It probably "tasted" them. When they are flicking that tongue, that`s what they are actually doing. Tasting the scent molecules that are being carried with the air currents. They can track prey this way. Venomous snakes use it to track down prey they have bitten.

Dang, that coachwhip just might have winded me!


----------



## SemperFiDawg (Nov 11, 2018)

Nicodemus said:


> It probably "tasted" them. When they are flicking that tongue, that`s what they are actually doing. Tasting the scent molecules that are being carried with the air currents. They can track prey this way. Venomous snakes use it to track down prey they have bitten.
> 
> Dang, that coachwhip just might have winded me!

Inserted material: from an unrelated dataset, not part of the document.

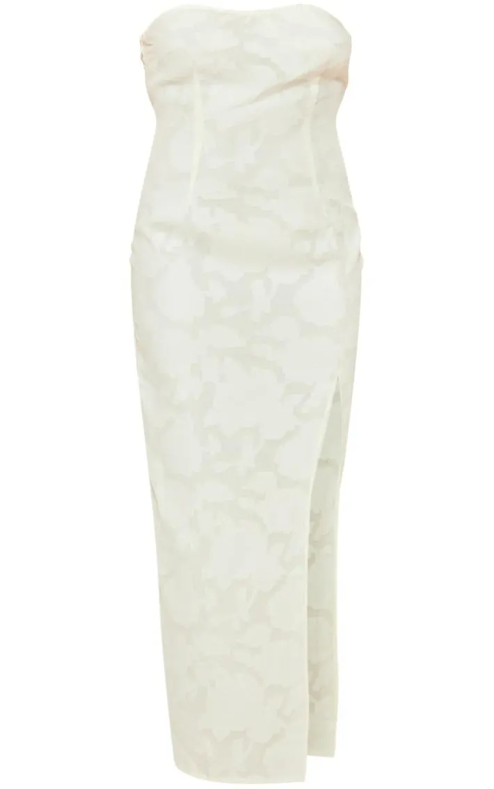 Introducing the ultimate dreamy ‘fit for your weekend plans with this cream textured floral bandeau maxi dress. Its cream textured floral material adds all the glam vibes to your look whilst its split hem and bandeau neckline will give you that seriously chic look that won’t go unnoticed. This maxi dress is sure to tick all the boxes and nail the dress code for your special occasion. Simply add clear heels, gold accessories and a mini bag for a flawless finish.

About 10 years ago I was bow hunting.  Walking down a logging road I heard a squirrel making that bark they make when they are spooked, the one that trails off into a long whine.  It kept on and I walked over under the tree where it was coming from.  All of a sudden a squirrel fell 30 foot out of the tree stone cold dead.  It hit the ground and never moved.  I sat for about 15 minutes waiting for a snake to come down the tree.  I'm convinced that what killed it.  Never saw a snake.  In hindsight, I should have walked over and examined it for fang bites.  I didn't, but I'm still convinced a snake bit that squirrel.


----------



## Bow Only (Nov 12, 2018)

I've got a couple of coachwhip stories over the years.  The first one was at the farm going down the blacktop road where I saw a snake in the road.  I slowed down and saw that it went from the white line on the edge of the road all the way to the center yellow line.  The crazy part was, his head was 2 feet off the ground so he was 2 feet longer than the width of half the road.  The other was bush hogging in pines where I saw about a 6 footer.  I stopped the tractor, jumped off and went to catch him.  Running full speed (I was faster way back then), the snake literally left me in my tracks.  It had to be doing over 20 mph.


----------



## oldguy (Nov 12, 2018)

I chased one that crossed a dirt road in South Carolina. It was scrub-oak country and that joker went up a tree and left me in my tracks as it zoomed overhead in the canopy!


----------



## Ridge Walker (Nov 12, 2018)

Having some trouble uploading photos because they're too big. Hopefully this works.


https://imgur.com/JvFCG1S




https://imgur.com/9fQ7meh




https://imgur.com/ZxCWLmk




https://imgur.com/waPcO2r




https://imgur.com/TvMGt1Q


----------



## Ridge Walker (Nov 12, 2018)

Can't really tell because there's not much there for scale, but the Coachwhip in the last photo was a beast.


----------



## Israel (Nov 12, 2018)

Walking over a hill near Lobleville Tennessee had to stop and try to figure out what I'd come up on. (After jumping back a few feet.) Who is what, what is who and what's going on? 
Took a few seconds to see it was a very dark snake (presumably a king snake after investigation) eating a rattlesnake...took a sec to see who had who.


----------